Range of an analytic function on a unit disc

Question

Let $f(z)$ be an analytic function on an open set of the complex plane containing the closed unit disc $D=\{z\in \mathbb{C}:|z|\leq 1\}$. Let $m$ be the minimum of $\{f(z)\ |\ z\in D\}$ and $M$ be the minimum of $\{|f(z)|\ |\ z\in C\}$ where $C=\{z\in \mathbb{C}:|z|=1\}$ of $D$. Assume that $m<M$. Then state whether the following are true or false?

(i) $f(z)$ admits a zero on $D$.

$(ii)$ $f(z)$ attains every complex number $w$ on $D$ such that $|w|<M$.

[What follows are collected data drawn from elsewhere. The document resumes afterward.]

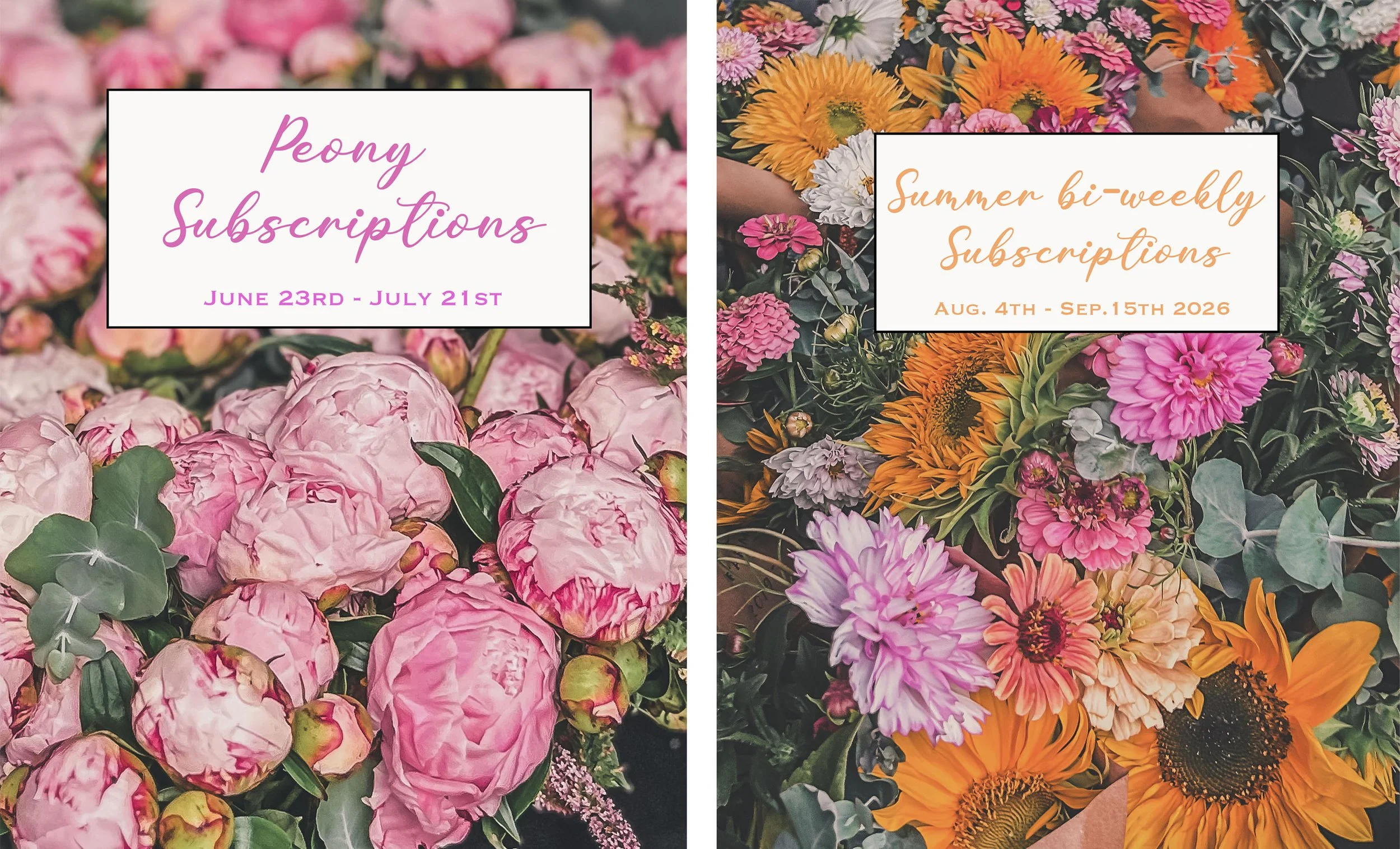 Small Business Saturday Special Sale Price: $126.00 Original Price: $140.00 Sold out Peony bi-weekly bouquet subscription $60.00 Summer Bi weekly Flower Subscription $80.00 Eucalyptus bunch $10.00 Sold out Bouquet $25.00 Sold out Mini bouquet $10.00 Sold out Gift Card from $20.00 DIY Flower Bucket $100.00 Add Fresh flowers that are in season to your handmade pottery piece $20.00 Sold out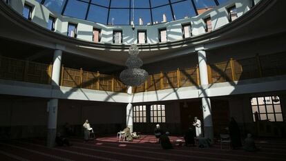 Cuando llega la hora del rezo, al caer el sol, entran a la mezquita hombres solos o en grupo, unos vestidos con ropas occidentales, los más con túnicas, muchos con las barbas pobladas.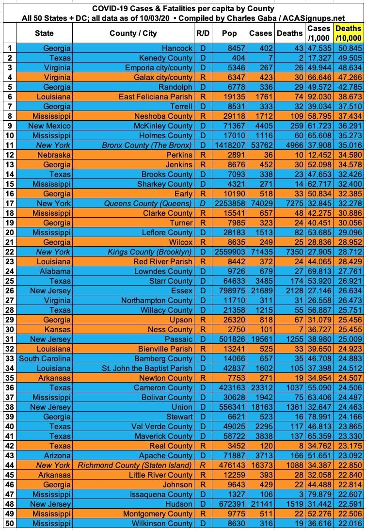 Here's the top 100 counties ranked by per capita COVID-19 fatalities as of Saturday, October 10th (click image for high-res version):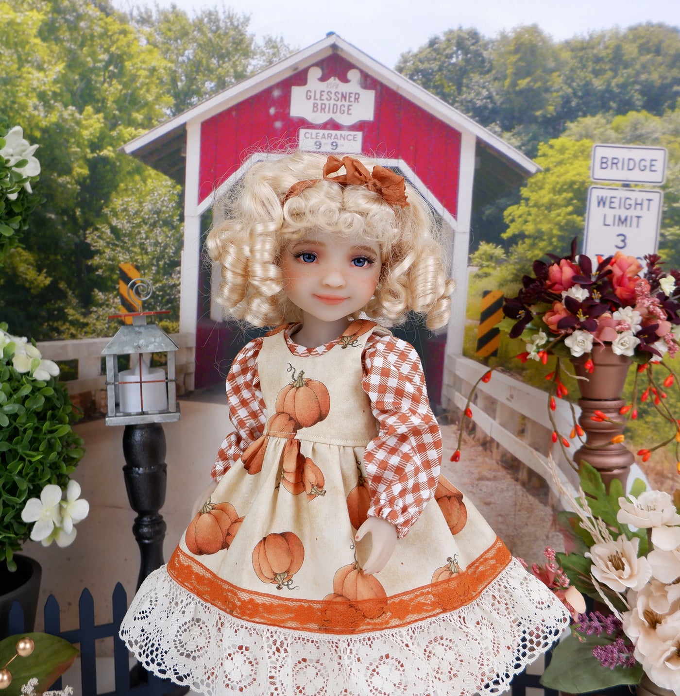 This pretty dress and pinafore ensemble is the perfect addition to your Ruby Red Fashion Friend's wardrobe for this fall. The dress is made of a charming nutmeg gingham print cotton. The fully lined bodice features long sleeves with a bit of elastic at the wrist. The skirt is gathered at the waist for the perfect silhouette. The dress fastens in back with buttons. Over her dress she wears a beautiful pinafore. The pinafore is made of a lovely pumpkin print on cream cotton. The pinafore has a fully lined bodice with a scoop neckline. The pinafore skirt features pumpkin lace above the hem and gathered ivory lace peeking out beneath. The pinafore fastens in back with buttons. Tie the nutmeg crinkle ribbon in her hair for a sweet and simple hair style.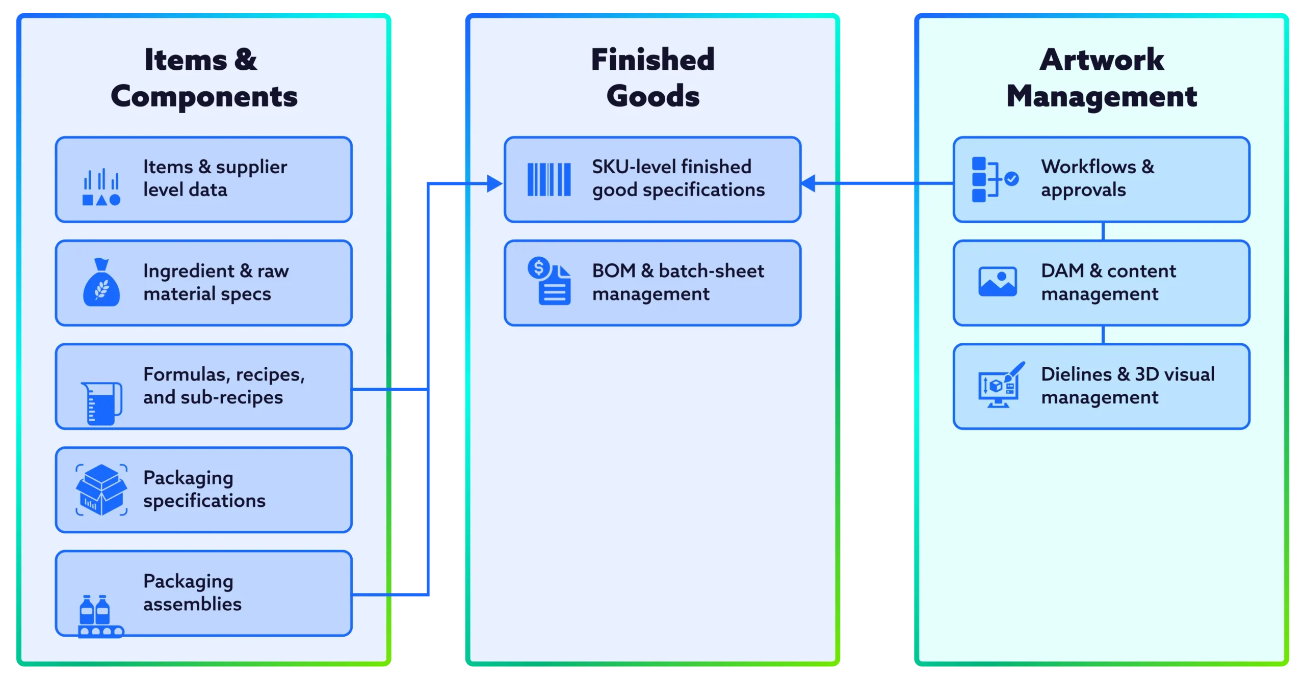 By linking formulas, packaging, and artwork, every stakeholder stays aligned and informed.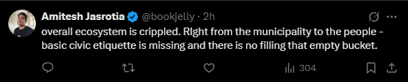 Her comment points out the ongoing problems with the city’s infrastructure, cleanliness, and road conditions, which have frustrated residents for a long time.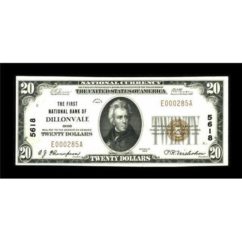 <B>Dillonvale, OH</B></I> - $20 1929 Ty. 1 <B>The First NB</B></I> Ch. # 5618<BR> This note is not in the census, but if it was, it would have the highest grade in the census, large or small, for this Jefferson County bank. <B>Extremely Fine.</B></I><BR><BR><b>Shipping:</b> Coins & Currency (<a target="_blank" href="http://www.heritageauctions.com/common/shipping.php">view shipping information</a>)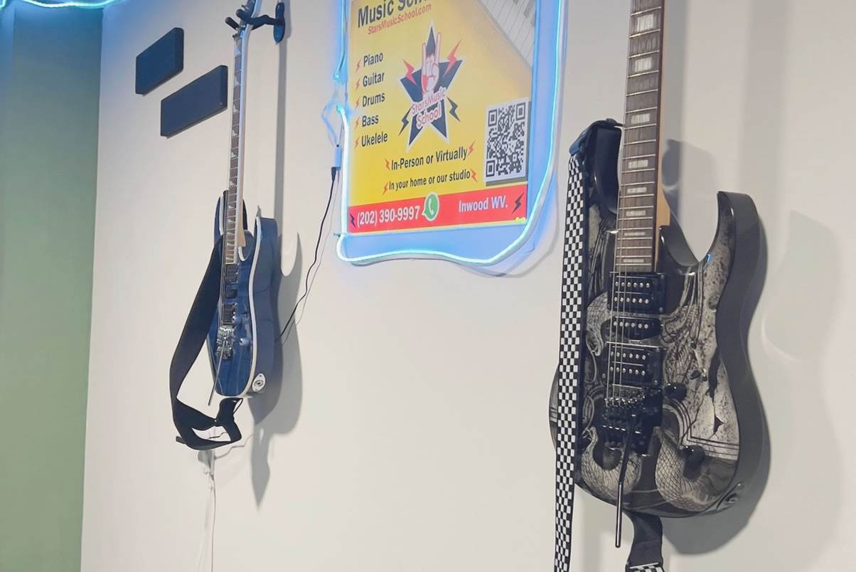 You or your child will learn the first chords, sounds, rhythms, technique, sheet music, tablature, songs, exercises and more.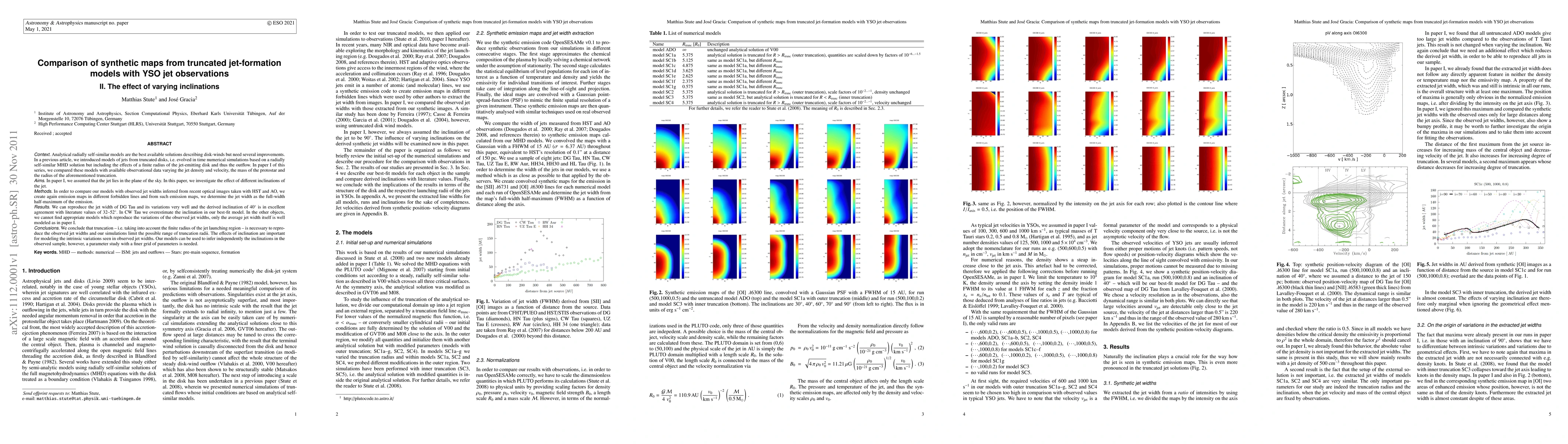 Analytical radially self-similar models are the best available solutions describing disk-winds but need several improvements. In a previous article, we introduced models of jets from truncated disks, i.e. evolved in time numerical simulations based on a radially self-similar MHD solution but including the effects of a finite radius of the jet-emitting disk and thus the outflow. In paper I of this series, we compared these models with available observational data varying the jet density and velocity, the mass of the protostar and the radius of the aforementioned truncation. In paper I, we assumed that the jet lies in the plane of the sky. In this paper, we investigate the effect of different inclinations of the jet. In order to compare our models with observed jet widths inferred from recent optical images taken with HST and AO, we create again emission maps in different forbidden lines and from such emission maps, we determine the jet width as the full-width half-maximum of the emission. We can reproduce the jet width of DG Tau and its variations very well and the derived inclination of 40$^\circ$ is in excellent agreement with literature values of 32--52$^\circ$. In CW Tau we overestimate the inclination in our best-fit model. In the other objects, we cannot find appropriate models which reproduce the variations of the observed jet widths, only the average jet width itself is well modeled as in paper I. We conclude that truncation -- i.e. taking into account the finite radius of the jet launching region -- is necessary to reproduce the observed jet widths and our simulations limit the possible range of truncation radii. The effects of inclination are important for modeling the intrinsic variations seen in observed jet widths. Our models can be used to infer independently the inclinations in the observed sample, however, a parameter study with a finer grid of parameters is needed.

My attempt: I know that statement $(i)$ is true because of the Minimum modulus principle. But I am not able to find the explanation of statement $(ii)$. Please help.

Answer 1

For $\vert w\vert \lt M$ the line segment $[0,w]$ does not meet the image of $f\circ \gamma$ -- where $\gamma(t) = \exp\big(2\pi i\cdot t\big)$ for $t\in [0,1]$--, so they have the same winding numbers, i.e. $n\big(f\circ \gamma,w\big)=n\big(f\circ \gamma,0\big)\neq 0$ where the right hand side follows by (i) combined with the Argument Principle. Conclude $w\in f\big(D\big)$ again by the Argument Principle.

Answer 2

(i) is true, as you correctly said. If $f$ had no zero in $D$ then the maximum modulus principle applied to $1/f$ would give a contradiction.

(ii) is true as well, this can be seen as follows:

It follows from the open mapping theorem (and the fact that $D$ is bounded) that $$ \partial f(D) \subseteq f(\partial D) \, , $$ see for example Is it always true that $\partial f(U)=f(\partial U)$ when $f$ is holomorphic?.

It follows that the disk $B_M(0)$ does not contain a boundary point of $f(D)$, and since $0 \in f(D)$, as shown in part (i), the disk $B_M(0)$ is completely contained in $f(D)$.

In other words, $f$ takes every complex value $w$ with $|w| < M$.